School of Biomedical Engineering and Informatics, Nanjing Medical University, Nanjing 211166, People's Republic of China.
The Engineering Research Center of Intelligent Theranostics Technology and Instruments, Ministry of Education, School of Biomedical Engineering and Informatics, Nanjing Medical University, Nanjing 211166, People's Republic of China.
J Neural Eng. 2024 Apr 9;21(2). doi: 10.1088/1741-2552/ad39a5.
Recent studies have shown that integrating inertial measurement unit (IMU) signals with surface electromyographic (sEMG) can greatly improve hand gesture recognition (HGR) performance in applications such as prosthetic control and rehabilitation training. However, current deep learning models for multimodal HGR encounter difficulties in invasive modal fusion, complex feature extraction from heterogeneous signals, and limited inter-subject model generalization. To address these challenges, this study aims to develop an end-to-end and inter-subject transferable model that utilizes non-invasively fused sEMG and acceleration (ACC) data.The proposed non-invasive modal fusion-transformer (NIMFT) model utilizes 1D-convolutional neural networks-based patch embedding for local information extraction and employs a multi-head cross-attention (MCA) mechanism to non-invasively integrate sEMG and ACC signals, stabilizing the variability induced by sEMG. The proposed architecture undergoes detailed ablation studies after hyperparameter tuning. Transfer learning is employed by fine-tuning a pre-trained model on new subject and a comparative analysis is performed between the fine-tuning and subject-specific model. Additionally, the performance of NIMFT is compared to state-of-the-art fusion models.The NIMFT model achieved recognition accuracies of 93.91%, 91.02%, and 95.56% on the three action sets in the Ninapro DB2 dataset. The proposed embedding method and MCA outperformed the traditional invasive modal fusion transformer by 2.01% (embedding) and 1.23% (fusion), respectively. In comparison to subject-specific models, the fine-tuning model exhibited the highest average accuracy improvement of 2.26%, achieving a final accuracy of 96.13%. Moreover, the NIMFT model demonstrated superiority in terms of accuracy, recall, precision, and F1-score compared to the latest modal fusion models with similar model scale.The NIMFT is a novel end-to-end HGR model, utilizes a non-invasive MCA mechanism to integrate long-range intermodal information effectively. Compared to recent modal fusion models, it demonstrates superior performance in inter-subject experiments and offers higher training efficiency and accuracy levels through transfer learning than subject-specific approaches.

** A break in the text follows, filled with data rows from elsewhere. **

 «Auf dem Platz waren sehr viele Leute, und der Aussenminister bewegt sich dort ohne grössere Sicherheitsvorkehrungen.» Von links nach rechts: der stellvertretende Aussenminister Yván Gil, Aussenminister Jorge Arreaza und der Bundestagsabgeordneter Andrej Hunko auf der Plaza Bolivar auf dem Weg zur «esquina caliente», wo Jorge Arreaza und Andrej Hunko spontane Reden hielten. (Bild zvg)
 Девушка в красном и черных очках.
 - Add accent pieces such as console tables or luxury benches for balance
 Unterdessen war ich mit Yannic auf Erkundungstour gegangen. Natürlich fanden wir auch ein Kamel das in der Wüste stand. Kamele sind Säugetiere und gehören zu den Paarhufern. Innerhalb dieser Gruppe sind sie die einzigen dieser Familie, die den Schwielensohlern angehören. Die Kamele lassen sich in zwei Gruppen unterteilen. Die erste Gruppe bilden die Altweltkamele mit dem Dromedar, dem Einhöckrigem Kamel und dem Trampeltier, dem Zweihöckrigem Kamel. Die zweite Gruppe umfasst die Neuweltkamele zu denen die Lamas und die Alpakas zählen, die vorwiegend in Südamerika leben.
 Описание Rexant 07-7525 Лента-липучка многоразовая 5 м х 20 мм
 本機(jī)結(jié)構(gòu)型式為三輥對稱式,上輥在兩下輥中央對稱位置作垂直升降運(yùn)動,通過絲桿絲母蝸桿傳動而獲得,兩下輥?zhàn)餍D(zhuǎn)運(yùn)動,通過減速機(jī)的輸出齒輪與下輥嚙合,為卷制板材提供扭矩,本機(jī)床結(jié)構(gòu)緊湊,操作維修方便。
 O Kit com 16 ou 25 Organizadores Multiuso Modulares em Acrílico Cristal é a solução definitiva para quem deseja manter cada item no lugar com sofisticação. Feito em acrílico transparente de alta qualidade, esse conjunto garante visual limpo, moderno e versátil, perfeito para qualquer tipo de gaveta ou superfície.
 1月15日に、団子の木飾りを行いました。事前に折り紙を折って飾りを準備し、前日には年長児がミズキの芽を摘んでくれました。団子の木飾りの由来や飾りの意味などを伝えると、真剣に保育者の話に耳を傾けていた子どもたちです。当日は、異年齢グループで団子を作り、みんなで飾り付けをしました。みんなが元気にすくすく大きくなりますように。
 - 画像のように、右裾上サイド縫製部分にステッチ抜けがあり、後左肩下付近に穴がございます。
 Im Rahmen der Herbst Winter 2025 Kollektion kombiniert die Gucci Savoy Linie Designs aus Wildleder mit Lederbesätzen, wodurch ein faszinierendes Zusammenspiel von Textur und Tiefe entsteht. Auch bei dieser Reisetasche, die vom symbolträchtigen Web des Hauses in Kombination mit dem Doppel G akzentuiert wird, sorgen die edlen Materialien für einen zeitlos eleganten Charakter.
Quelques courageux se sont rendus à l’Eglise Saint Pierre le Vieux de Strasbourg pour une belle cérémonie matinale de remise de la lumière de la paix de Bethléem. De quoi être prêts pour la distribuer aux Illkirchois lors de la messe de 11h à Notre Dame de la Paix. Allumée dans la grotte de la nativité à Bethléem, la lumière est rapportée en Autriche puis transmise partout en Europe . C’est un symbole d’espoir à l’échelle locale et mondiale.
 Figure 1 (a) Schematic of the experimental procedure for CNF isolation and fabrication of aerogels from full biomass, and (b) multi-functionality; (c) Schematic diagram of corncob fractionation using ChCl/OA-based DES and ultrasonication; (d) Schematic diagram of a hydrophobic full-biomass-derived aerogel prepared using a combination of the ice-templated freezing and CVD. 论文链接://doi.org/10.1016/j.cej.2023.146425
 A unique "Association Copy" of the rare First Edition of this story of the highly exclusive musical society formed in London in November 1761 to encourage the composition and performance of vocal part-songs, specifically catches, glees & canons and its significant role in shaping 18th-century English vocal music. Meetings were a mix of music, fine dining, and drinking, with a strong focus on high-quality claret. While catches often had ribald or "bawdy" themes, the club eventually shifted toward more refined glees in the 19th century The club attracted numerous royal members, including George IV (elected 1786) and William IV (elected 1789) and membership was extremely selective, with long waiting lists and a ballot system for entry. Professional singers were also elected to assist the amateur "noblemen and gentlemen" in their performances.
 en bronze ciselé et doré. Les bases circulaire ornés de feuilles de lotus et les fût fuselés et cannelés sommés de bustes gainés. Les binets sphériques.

最近的研究表明,将惯性测量单元(IMU)信号与表面肌电(sEMG)信号相结合,可以极大地提高手 gestures 识别(HGR)性能,在假肢控制和康复训练等应用中。然而,当前用于多模态 HGR 的深度学习模型在侵入模态融合、从异构信号中提取复杂特征以及有限的受试者间模型泛化方面存在困难。为了解决这些挑战,本研究旨在开发一种端到端和受试者间可转移的模型,利用非侵入性融合的 sEMG 和加速度(ACC)数据。
所提出的非侵入性模态融合-Transformer(NIMFT)模型利用基于 1D 卷积神经网络的 patch 嵌入进行局部信息提取,并采用多头交叉注意(MCA)机制对 sEMG 和 ACC 信号进行非侵入性融合,稳定 sEMG 引起的变异性。在所提出的架构经过超参数调整后,进行了详细的消融研究。通过在新受试者上微调预训练模型进行迁移学习,并对微调模型和受试者特定模型进行了比较分析。此外,还将 NIMFT 的性能与最新的融合模型进行了比较。
在 Ninapro DB2 数据集的三个动作集中,NIMFT 模型的识别准确率分别达到了 93.91%、91.02%和 95.56%。所提出的嵌入方法和 MCA 分别比传统的侵入性模态融合 Transformer 高出 2.01%(嵌入)和 1.23%(融合)。与受试者特定模型相比,微调模型的平均准确率提高了 2.26%,最终准确率达到了 96.13%。此外,与具有相似模型规模的最新模态融合模型相比,NIMFT 模型在精度、召回率、精度和 F1 分数方面表现出优越性。
NIMFT 是一种新颖的端到端 HGR 模型,利用非侵入性 MCA 机制有效地整合远程模态间信息。与最近的模态融合模型相比,它在受试者间实验中表现出更好的性能,并通过迁移学习提供比受试者特定方法更高的训练效率和准确率。